Jones nodded. He said that that would suit him fine. Suttree smiled against the back of his hand but the ogress waggled a finger before them both. She rose and went to a cupboard above the cookstove, climbing with surprising agility from a chair to the top of the stove and reaching up and taking down a small and moldy leather poke. She brought it with her to the table and she spread over the naked boards a cloth of black damask, smoothing the creases with hands as black, more deeply creased. She sat with her hands folded so and she rolled her soapy old eyes at them. She took up the pouch and held it and closed her eyes. Her fingers undid the mouth of the little bag and when the strings hung loose she held it clenched by the neck as if what crouched inside might otherwise out. She began to sway lightly back and forth and she was holding her head up very stiffly and something was moving in the black folds of her throatskin as if she were swallowing repeatedly. Suddenly she opened her eyes and looked about and with a motion almost violent raised the leather bag and upended it over the table. Out clattered toad and bird bones, yellow teeth, frail shapes of ivory strange or nameless, a small black heart dried hard as stone. A joint from a snake’s spine, the ribs curved like claws. A bat’s skull with needleteeth agrin, the little pterodactyl wingbones. Tiny pestles of polished riverstone. These things lay shapen still and final upon the black damask and the dark gospeler of their constellation who would in moments now postulate the denial of the old lie that beholder and beheld are ever more than one, this dusky fugitive of the pyre with whom they trafficked studied the figures briefly and looked away. Looked away, let shut the seamy doors of her eyes. They sat in silence.

Jones spoke. He said: What do it say?

About you it dont.

About Quinn then.

It dont say. It aint you nor Quinn neither. It’s him.

Suttree felt the skin on his scalp pucker.

Why aint it me? said Jones.

I caint make it be if it aint.

Do it again.

No.

Jones blinked heavily.

You should of come alone, she said. She still had her eyes shut and Suttree thought that she was talking to Jones but when she opened them she was looking at him.
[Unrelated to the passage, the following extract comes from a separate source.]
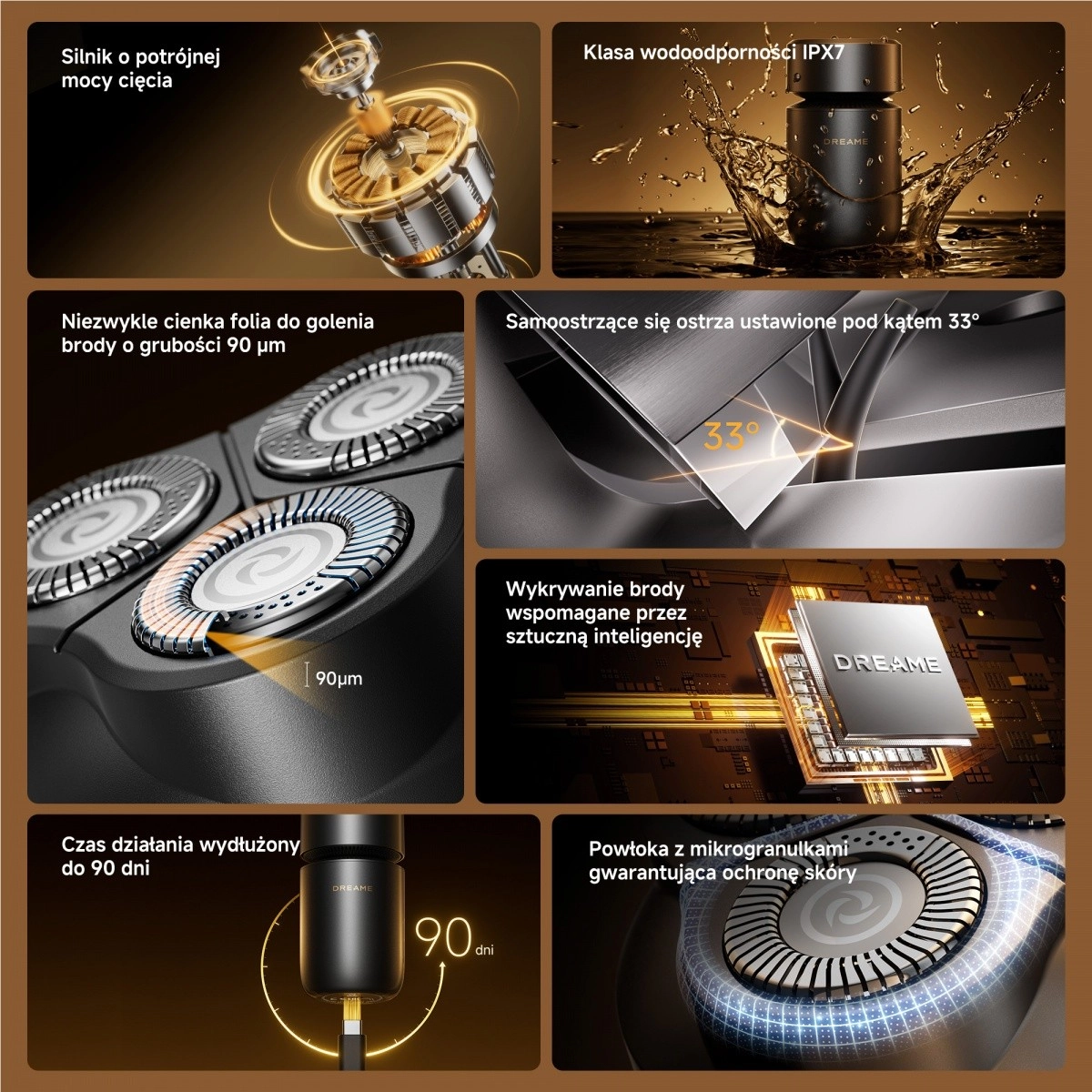 De Dreame S7 is ontworpen voor dagelijkse betrouwbaarheid en huidvriendelijkheid. De zwevende scheerkop past zich aan de contouren van gezicht en hals aan, zodat je gemakkelijk ook moeilijk bereikbare plekken scheert. De ultradunne folie van 90 μm en de onder 33° geslepen messen pakken zowel korte als langere baardharen voor een glad resultaat in één haal.

He did not go back. He passed her in the street one evening toward the summer’s end but she might have been any black crone at all, stooped and shawled and silent save for the shuffling of her feet in the gutter. She did not look up nor did she speak and he could smell her on the night wind, lank harridan, a stale musty odor, dust dry. She passed in a light creaking of bones, dried bulb ends grating in their cups. Stranger yet he saw her a final time that year in the streets uptown in the full light of noon and she did look at him. Suttree shunned those adder’s eyes in which the sun lay split. She has borne her wares in a catskin bag through the brick alleyways and tarpaper lanes. Something moved her mouth very like a smile. The antique teeth like seedcorn. An odor of violated graves. Her small shadow fell against him like a bird and she passed on. He stood looking after. Five fingers to five pressing he constructed a tactile plate of glass between his fingertips. Then he turned and went on. Give over, Graymalkin, there are horsemen on the road with horns of fire, with withy roods. He ran among the crowds dodging and veering. The jar of his heels on the pavement kept stopping the fans that spun above the shop doors.